A 2022 Knight Ridder/Gallup poll found that only 26% of Americans view the media favorably; 53% see it unfavorably. A Gallup poll conducted last year found that 29 percent of Americans trusted the media “not much.” Another 39% do not trust it at all.

Recently, CBS, the network of journalistic icons Edward R. Murrow and Walter Cronkite, has made fun of itself, dragging its profession down with it, reprimanding one of its reporters for having the courage to calmly, civilly, ask for a couple of gentle questions about the new book he was promoting as part of his national publicity tour. The culprit was “CBS This Morning” co-host Tony Dokoupil, and the poor victim was award-winning author and literary rock star Ta-Nehisi Coates.

Coates has won praise for writing about racism in the United States and has been unrepentant about his rage against that country, a rage that, passionate and vivid, has sometimes been expressed in controversial ways. The September 11, 2001, al-Qaida attack, which killed some 3,000 innocent people of all races, origins and socioeconomic classes, left him torn between agnosticism and satisfaction. “Everyone knew someone who was missing,” he wrote of the demolished Twin Towers. “But looking at the ruins of America, my heart was cold. In the days that followed I saw the ridiculous display of flags, the masculinity of the firemen, the exaggerated slogans. Damn it all. They were not human to me.”

It seems that the innocents killed on 9/11 were not the only non-humans for Coates, because the 1,200 innocents slaughtered by Hamas on 7 October are among those Coates failed to put the proverbial figure on. This is undoubtedly the message of Coates’ new book, “The Message”, in which he devotes a special section to the well-known refrain “Israel-as-white-supremacist-colonialist-imperialist-expansionist-genocide-Satans”. recited by the far left with robotic insensitivity.

But it’s Coates’ shit, and he’s entitled to it. Apparently, though, he shouldn’t be required to answer questions about it from interviewers. Or so Coates and his supporters believe, and they prevailed upon CBS to discipline Dokoupil, forcing him to express his “regret” for politely and respectfully asking Coates about his views. “When I read the book, I imagine that if I took your name off it and took away the awards and acclaim,” Dokoupil began cautiously, “the contents of this section would not be out of place in the backpack of an extremist.
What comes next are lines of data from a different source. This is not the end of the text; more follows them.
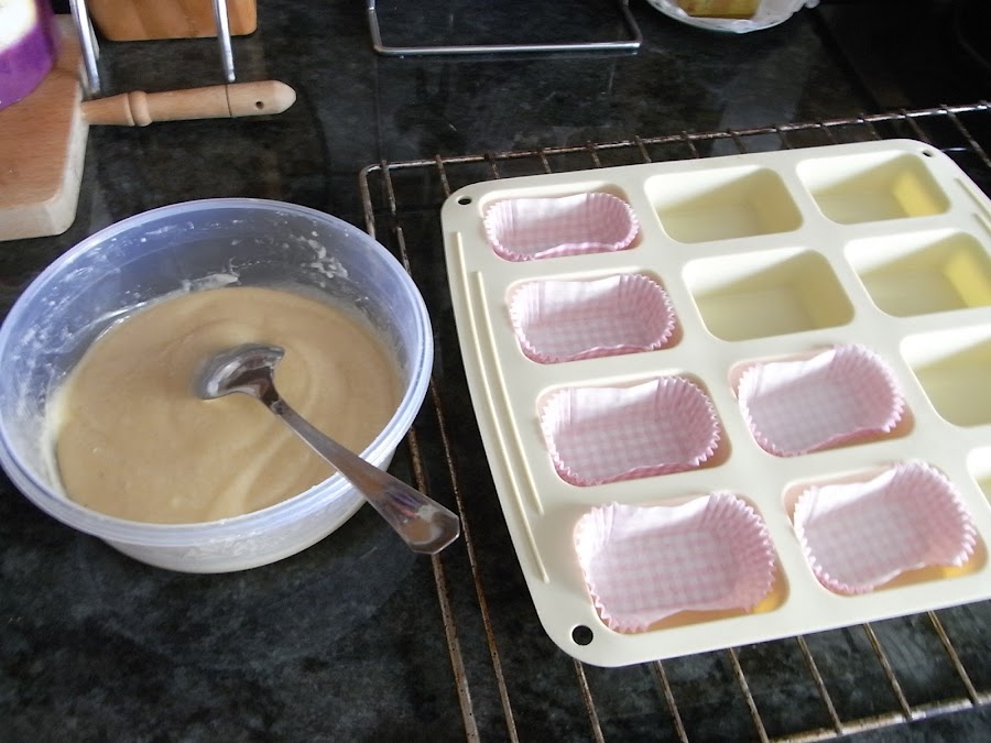 Cuando hayan pasado las horas de reposo, se saca la mezcla de la nevera para que se vaya atemperando, se enciende el horno a 180 grados,yo lo pongo sin aire, se preparan unas cápsulas de papel en el molde y se rellenan con la mezcla hasta un poco más de la mitad.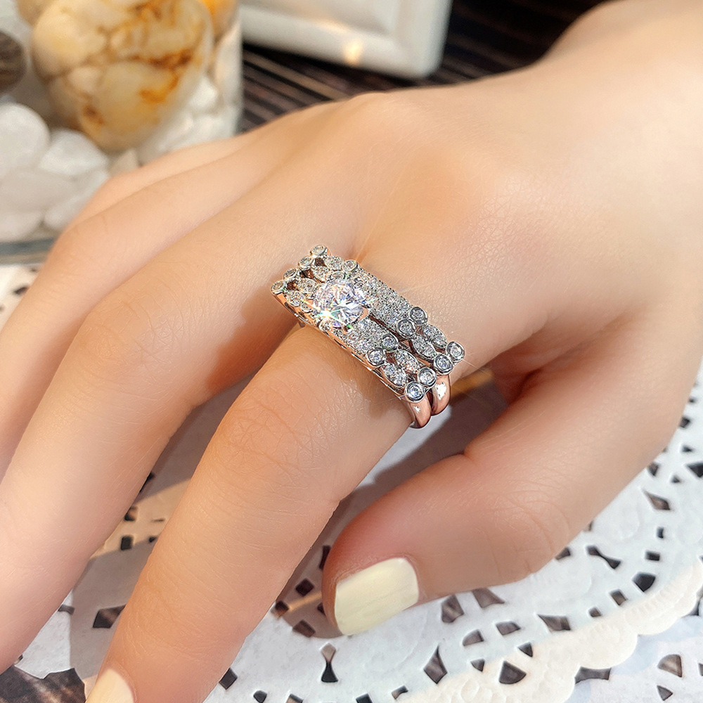 Micro-inlaid celebrity style classic all-match popular ring six-claw zircon wedding ring European and American style light luxury ring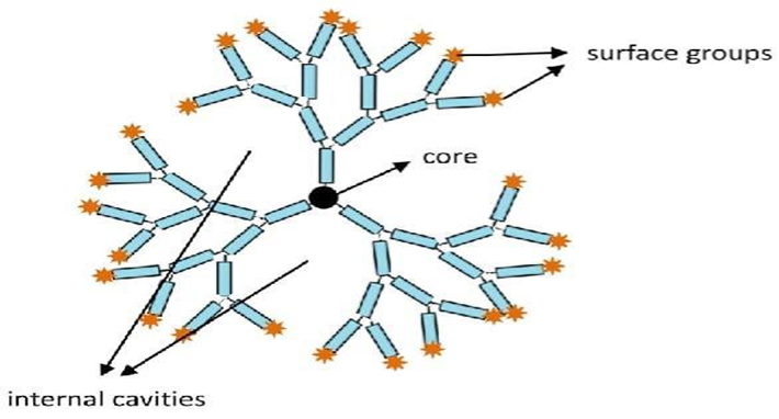 Dendrimers are highly branched, nanosized, polymeric structures with a core, interior branches, and surface functional groups. They are used as carriers in novel herbal drug delivery systems to enhance solubility, stability, and bioavailability of poorly water-soluble herbal compounds like curcumin, berberine, and ursolic acid. Drugs can be loaded into dendrimers by encapsulation, electrostatic adsorption, or covalent bonding, allowing controlled and targeted delivery. Surface modification (e.g., PEGylation) reduces toxicity and improves compatibility. Despite their advantages, issues like cytotoxicity and high production cost limit large-scale use. Overall, dendrimers hold great promise for targeted and efficient delivery of herbal bioactive.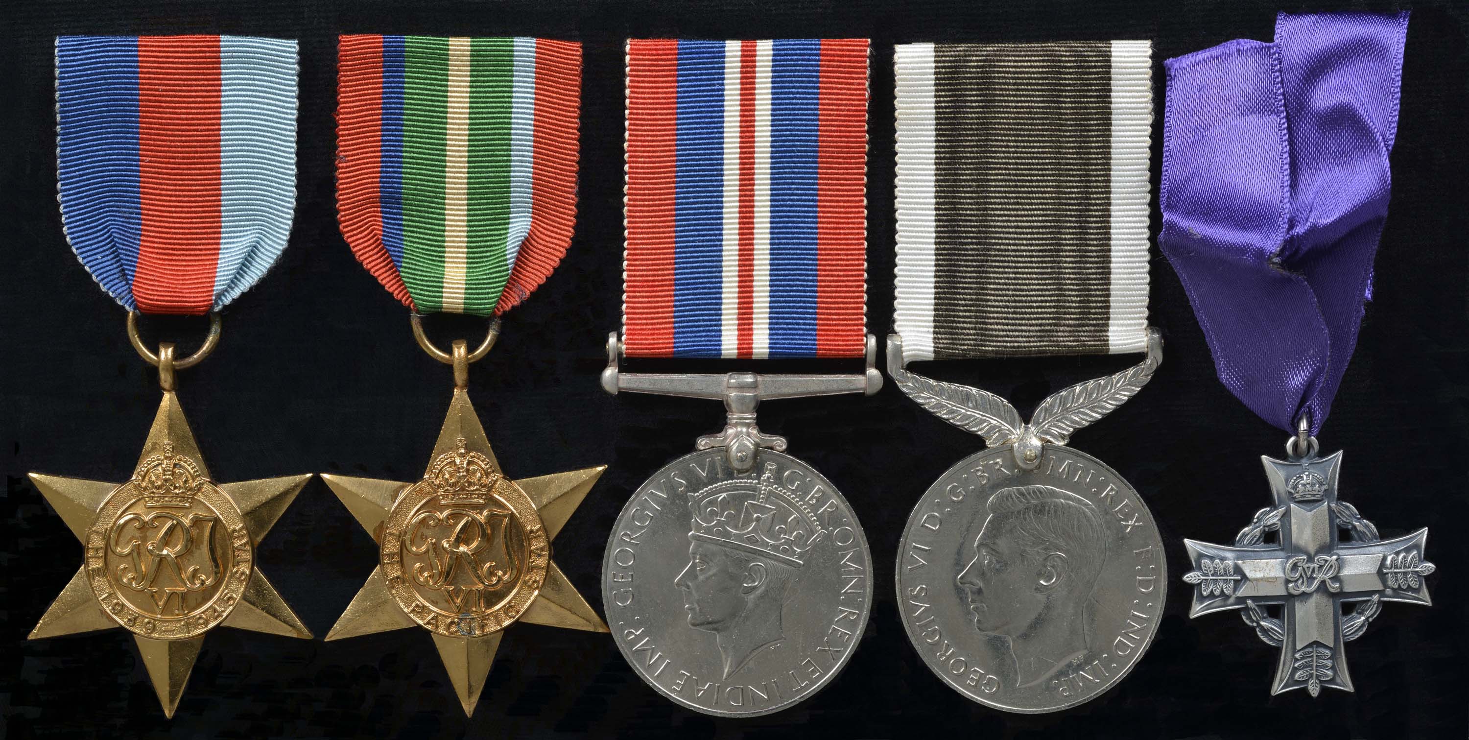 The 1939-45 Star is the first in a series of eight campaign stars instituted in 1945 to recognise service in World War Two. The ribbon has three equal vertical stripes of dark blue, red and light blue. The dark blue stripe symbolises the service of the Navy and the Merchant Navy, the red stripe symbolises the service of the Army, and the light blue stripe symbolises the service of the Air Force. The equal width bands represent the equal contributions of the three service arms towards victory. The ribbon was devised by King George VI. Two clasps could be awarded with this medal: ‘Battle of Britain’ and ‘Bomber Command’. Only aircrew would qualify for these clasps although a small number of Fleet Air Arm naval pilots flew for the air force and would be eligible for the ‘Battle of Britain’ clasp.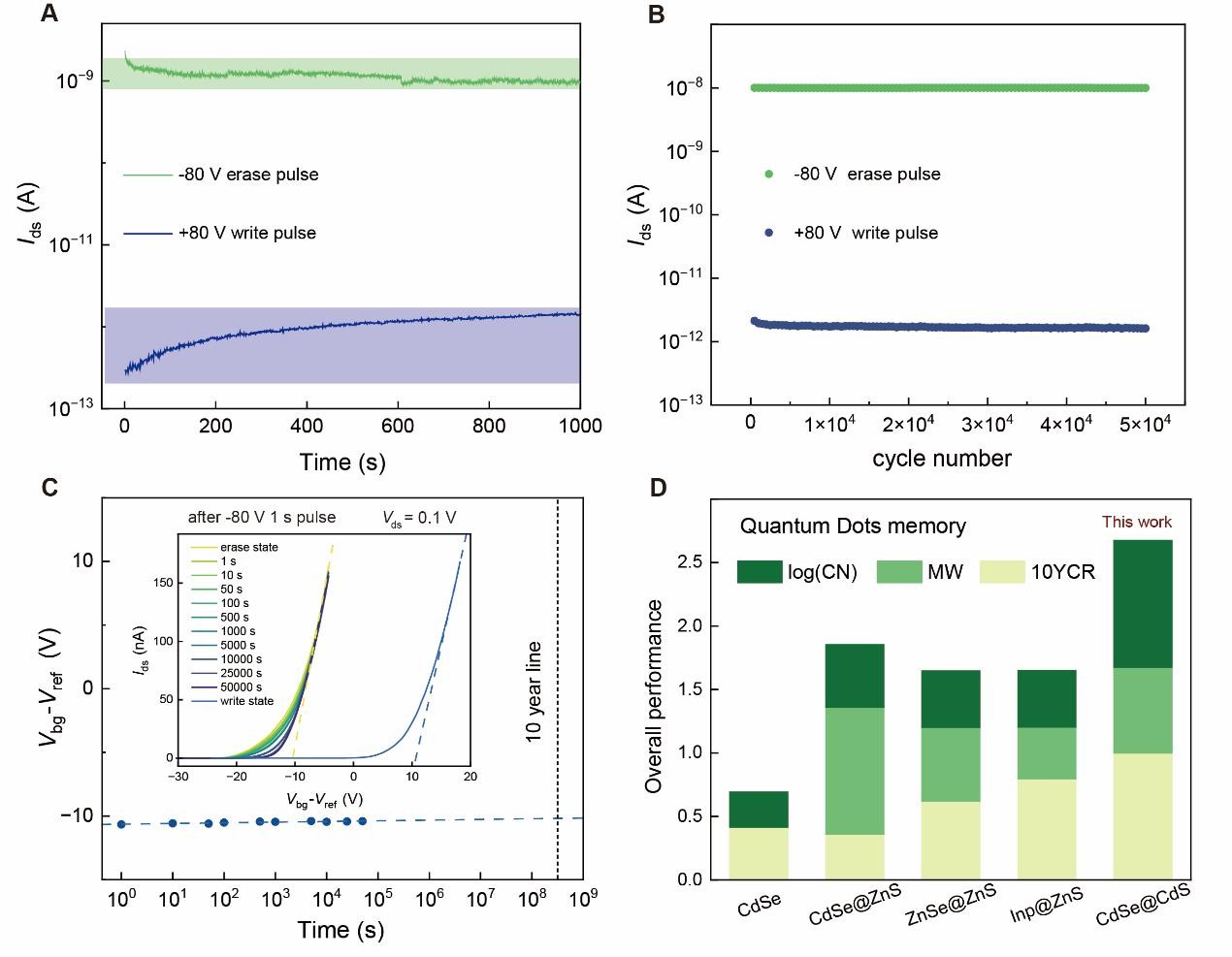 对该非易失存储器件的性能极限测试表明,器件在5万次循环测试后性能未见衰减,十年电荷保持率预计高达96.5%,展现出优异的存储可靠性与稳定性,性能优于此前报道的大多数量子点存储器(图4)。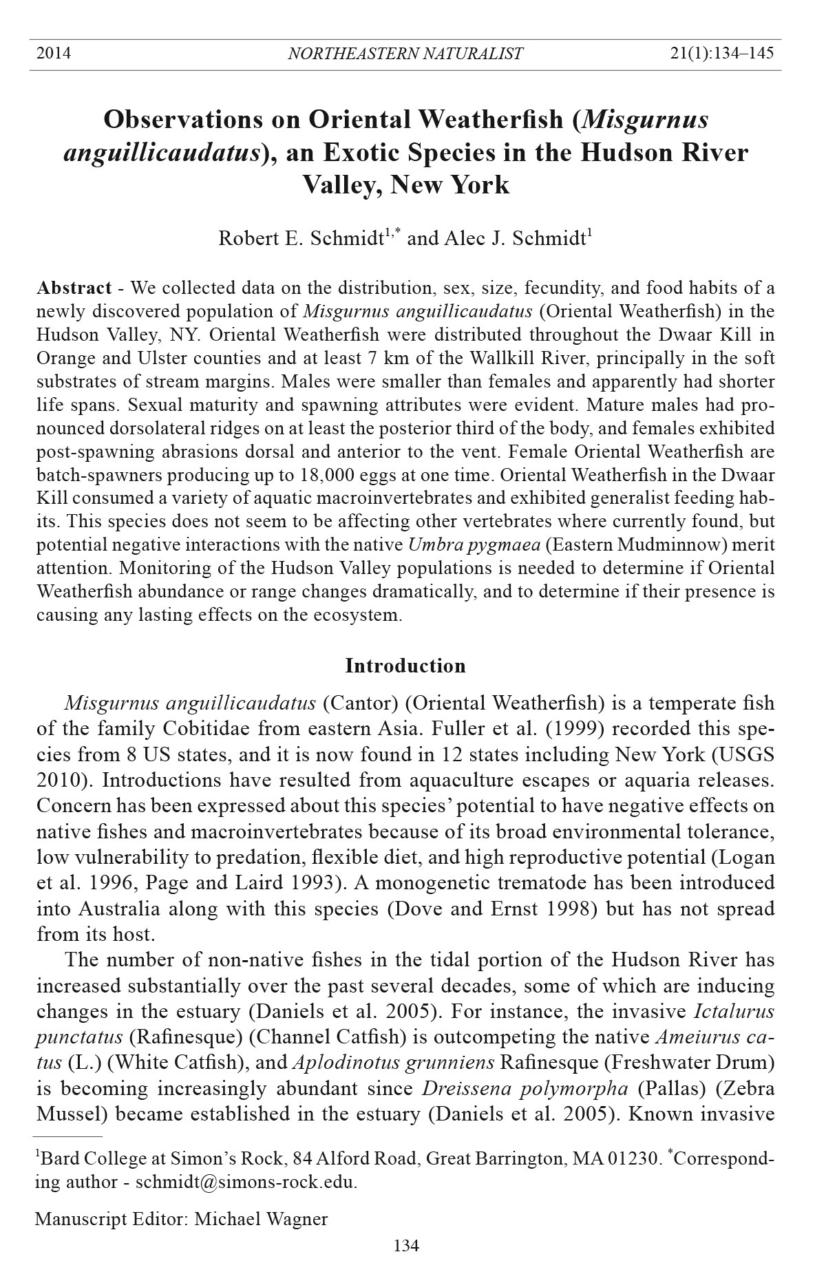 Northeastern Naturalist, Volume 21, Issue 1 (2014): 134–145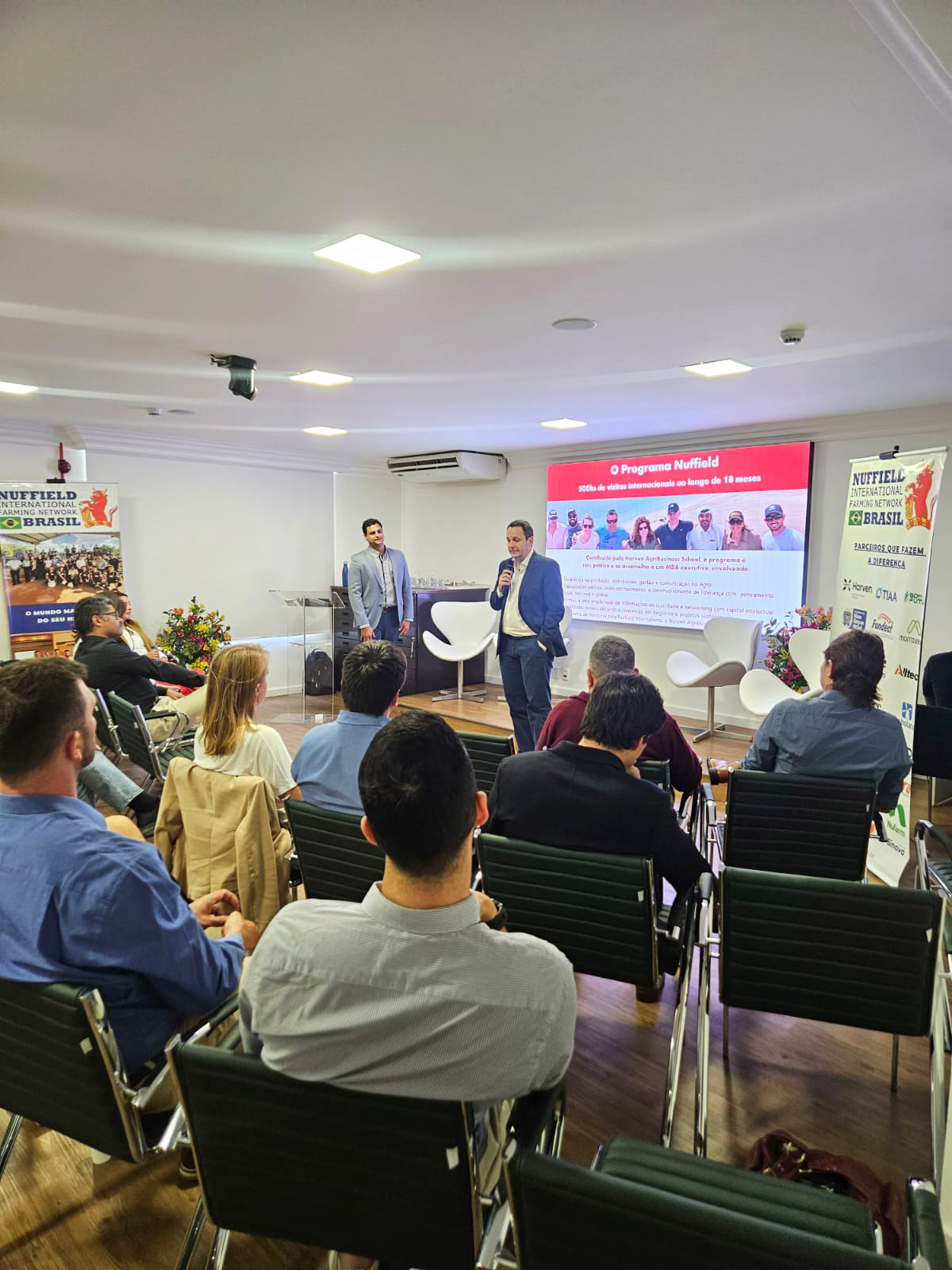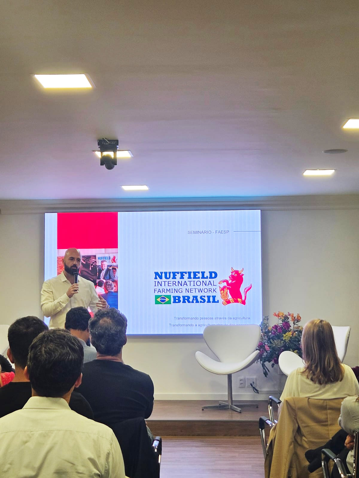 Artur Falcette, scholar 2018 e atualmente patrocinador da Nuffield, fez palestra para os convidados e participantes contando o impacto da rede em sua carreira e como emprega essa experiência sendo secretário de Estado Adjunto de Meio Ambiente, Desenvolvimento, Ciência, Tecnologia e Inovação, do governo do Mato Grosso do Sul.

I found myself asking, why does Ta-Nehisi leave so much aside that Israel is surrounded by countries that want to eliminate it? It is because you simply do not believe that Israel has the right to exist?

Fair, even obvious questions. But Coates found it outrageous that they could be asked, an insult to his stature. CBS News President Wendy McMahon then announced that Dokoupil had violated CBS “standards.”

What standards? Asking authors who sell books to explain why they wrote what they wrote? Just asking news people what they’d rather be asked?

Obviously, if a guest is popular enough with The Right Set, they can’t ask real questions. This kind of “journalism” really undermines democracy. Murrow and Cronkite must be turning in their graves.

Jeff Robbins’ latest book, “Notes From the Brink: A Collection of Columns about Policy at Home and Abroad,” is now available on Amazon, Barnes & Noble, Apple Books, and Google Play. Robbins is a longtime columnist for the Boston Herald, writing on politics, national security, human rights and the Middle East.